プロバイダーの賠償責任を否定 最高裁 発信者情報開示は確定
(産経ニュース2010.4.13より)
 インターネット掲示板の書き込みで名誉を傷つけられたと訴えた被害者が,発信者情報の開示を拒んだプロバイダー「KDDI」に損害賠償などを求めた訴訟の上告審判決で,最高裁第3小法廷(田原睦夫裁判長)は13日,賠償責任を否定する初判断を示した。2審判決中,KDDIに対する15万円の賠償命令を破棄,発信者の氏名や住所を被害者側に開示するよう命じた部分は維持した。
 同小法廷は「賠償責任を負うのは,書き込みによる権利侵害が明らかで,情報開示請求に正当な理由があると認識しているか,これらが明白なのに認識できなかったことに重大な過失があった場合に限られる」と判示。その上で,「書き込みは社会通念上許される限度を超えた侮辱であることが一見して明白ではない」と指摘した。

ネットの中傷,情報開示義務はプロバイダーも対象 最高裁
(日経新聞2010/4/9より)
 インターネットの掲示板で中傷されたとして,静岡市の土木会社がプロバイダー責任法に基づき,NTTドコモに発信者情報の開示を求めた訴訟の上告審判決で,最高裁第1小法廷(金築誠志裁判長)は8日,発信者の氏名や住所の開示を命じた二審判決を支持,ドコモ側の上告を棄却した。
 訴訟では,同法の対象が掲示板などを運営し情報内容を提供するような業者だけでなく,相手に接続サービスだけを提供するドコモのような接続業者にも開示請求できるかどうかが争われた。
 同小法廷は「権利侵害が容易で被害が際限なく拡大し,匿名で発信されると被害回復が困難なネットの特徴を踏まえ,加害者の特定を可能にすることが法の趣旨」と述べた。多くの場合,情報発信は接続業者を経由し,発信者情報も接続業者以外は把握していないことを指摘。

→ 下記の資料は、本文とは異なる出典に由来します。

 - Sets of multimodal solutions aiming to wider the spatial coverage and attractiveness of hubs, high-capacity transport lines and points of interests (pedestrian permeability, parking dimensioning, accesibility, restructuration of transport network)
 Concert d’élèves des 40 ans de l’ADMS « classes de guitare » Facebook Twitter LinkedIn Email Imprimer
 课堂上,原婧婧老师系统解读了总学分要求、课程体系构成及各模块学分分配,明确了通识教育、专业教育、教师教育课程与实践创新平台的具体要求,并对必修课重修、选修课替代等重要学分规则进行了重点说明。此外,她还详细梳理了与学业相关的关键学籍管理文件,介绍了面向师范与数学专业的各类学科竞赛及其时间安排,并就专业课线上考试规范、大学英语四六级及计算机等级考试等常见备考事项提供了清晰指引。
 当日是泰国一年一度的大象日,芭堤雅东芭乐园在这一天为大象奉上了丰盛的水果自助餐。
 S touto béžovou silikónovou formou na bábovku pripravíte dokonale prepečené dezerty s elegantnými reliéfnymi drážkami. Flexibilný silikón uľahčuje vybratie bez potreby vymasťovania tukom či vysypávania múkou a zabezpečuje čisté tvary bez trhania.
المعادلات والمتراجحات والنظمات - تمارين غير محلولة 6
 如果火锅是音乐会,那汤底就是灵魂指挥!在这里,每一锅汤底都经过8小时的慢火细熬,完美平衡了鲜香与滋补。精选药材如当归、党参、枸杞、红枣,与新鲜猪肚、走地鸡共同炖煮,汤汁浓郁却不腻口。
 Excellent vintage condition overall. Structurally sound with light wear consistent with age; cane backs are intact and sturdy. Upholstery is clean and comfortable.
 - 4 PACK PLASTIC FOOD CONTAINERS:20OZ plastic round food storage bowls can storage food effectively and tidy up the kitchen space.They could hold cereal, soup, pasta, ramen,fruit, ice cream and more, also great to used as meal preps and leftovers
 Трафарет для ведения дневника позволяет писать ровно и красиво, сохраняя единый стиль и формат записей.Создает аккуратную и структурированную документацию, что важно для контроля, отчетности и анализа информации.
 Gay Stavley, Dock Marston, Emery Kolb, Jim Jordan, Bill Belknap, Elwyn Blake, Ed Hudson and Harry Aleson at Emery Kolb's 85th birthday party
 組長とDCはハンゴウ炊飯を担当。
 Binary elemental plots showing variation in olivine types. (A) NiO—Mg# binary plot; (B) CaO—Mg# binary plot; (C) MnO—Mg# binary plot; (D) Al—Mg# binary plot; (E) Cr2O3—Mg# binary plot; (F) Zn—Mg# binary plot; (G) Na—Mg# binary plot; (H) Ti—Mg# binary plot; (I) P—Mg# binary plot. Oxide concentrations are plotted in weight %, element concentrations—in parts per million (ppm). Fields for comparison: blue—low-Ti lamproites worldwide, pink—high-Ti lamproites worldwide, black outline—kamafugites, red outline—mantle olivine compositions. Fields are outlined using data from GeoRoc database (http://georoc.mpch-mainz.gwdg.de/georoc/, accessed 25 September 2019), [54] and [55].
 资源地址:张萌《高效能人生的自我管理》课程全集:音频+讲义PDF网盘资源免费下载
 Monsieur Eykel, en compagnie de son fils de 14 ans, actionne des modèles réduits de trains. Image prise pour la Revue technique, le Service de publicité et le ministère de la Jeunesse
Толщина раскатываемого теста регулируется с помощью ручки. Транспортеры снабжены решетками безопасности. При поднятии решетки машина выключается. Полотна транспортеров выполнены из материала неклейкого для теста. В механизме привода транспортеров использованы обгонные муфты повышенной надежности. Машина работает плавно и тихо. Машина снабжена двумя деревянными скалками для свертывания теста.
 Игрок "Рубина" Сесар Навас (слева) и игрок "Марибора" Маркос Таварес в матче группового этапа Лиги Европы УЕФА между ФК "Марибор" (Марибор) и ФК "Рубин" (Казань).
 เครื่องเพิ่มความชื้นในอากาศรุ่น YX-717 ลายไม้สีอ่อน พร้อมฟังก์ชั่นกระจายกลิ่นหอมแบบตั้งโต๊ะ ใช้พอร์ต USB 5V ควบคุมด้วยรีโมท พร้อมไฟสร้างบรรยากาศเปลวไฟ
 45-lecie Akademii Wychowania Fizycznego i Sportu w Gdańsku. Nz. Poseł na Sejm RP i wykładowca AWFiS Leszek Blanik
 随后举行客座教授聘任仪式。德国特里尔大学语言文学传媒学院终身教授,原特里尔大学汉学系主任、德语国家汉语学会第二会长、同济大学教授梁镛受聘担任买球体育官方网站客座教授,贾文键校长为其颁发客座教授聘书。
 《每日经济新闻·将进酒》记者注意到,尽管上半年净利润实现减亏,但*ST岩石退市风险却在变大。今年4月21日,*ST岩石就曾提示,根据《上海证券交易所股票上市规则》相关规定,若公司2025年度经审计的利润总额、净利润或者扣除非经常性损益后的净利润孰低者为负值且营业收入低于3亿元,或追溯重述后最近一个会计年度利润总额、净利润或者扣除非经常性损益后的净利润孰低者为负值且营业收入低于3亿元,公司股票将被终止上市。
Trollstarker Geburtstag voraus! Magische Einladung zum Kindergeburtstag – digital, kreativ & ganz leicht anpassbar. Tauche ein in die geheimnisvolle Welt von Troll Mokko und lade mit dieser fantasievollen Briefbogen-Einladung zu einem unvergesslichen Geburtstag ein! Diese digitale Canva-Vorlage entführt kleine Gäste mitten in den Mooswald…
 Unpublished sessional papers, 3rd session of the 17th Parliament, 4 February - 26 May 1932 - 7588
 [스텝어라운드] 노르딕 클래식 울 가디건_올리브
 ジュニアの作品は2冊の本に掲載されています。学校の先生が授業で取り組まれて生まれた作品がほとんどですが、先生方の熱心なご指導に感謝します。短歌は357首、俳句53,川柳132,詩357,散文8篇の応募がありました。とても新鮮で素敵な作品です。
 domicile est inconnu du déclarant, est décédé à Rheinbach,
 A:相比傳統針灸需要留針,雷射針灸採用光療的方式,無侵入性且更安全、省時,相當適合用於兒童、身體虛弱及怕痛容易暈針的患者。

「接続業者に情報開示を請求できなければ,法の趣旨が失われる」として開示を認めた。

 連続して出た2つの最高裁判例で,プロバイダー(接続業者)に,発信者の氏名・住所の開示義務があることが確認されました。 判断が確定したと言っていいでしょう。

 なお,4/13の最高裁判例の方では,プロバイダーが損害賠償義務を負う場合についても,判断されています。
 記事は不明確ですが,恐らく,「非開示としたことで,情報開示請求者に精神的苦痛を与えた」ものとして,損害賠償請求が為された事案だと思われます。 これにつき,最高裁は,「情報開示請求に正当な理由があると認識し,もしくはそのように認識しなかったことに重過失がある場合」に不法行為が成立する旨の判断を示したものです。
 個人情報保護法以降,情報開示に非協力的な企業等が多くなっています。 そういった企業に対して,損害賠償請求をする場合についても,この最高裁判例の判断は影響してくると思われます。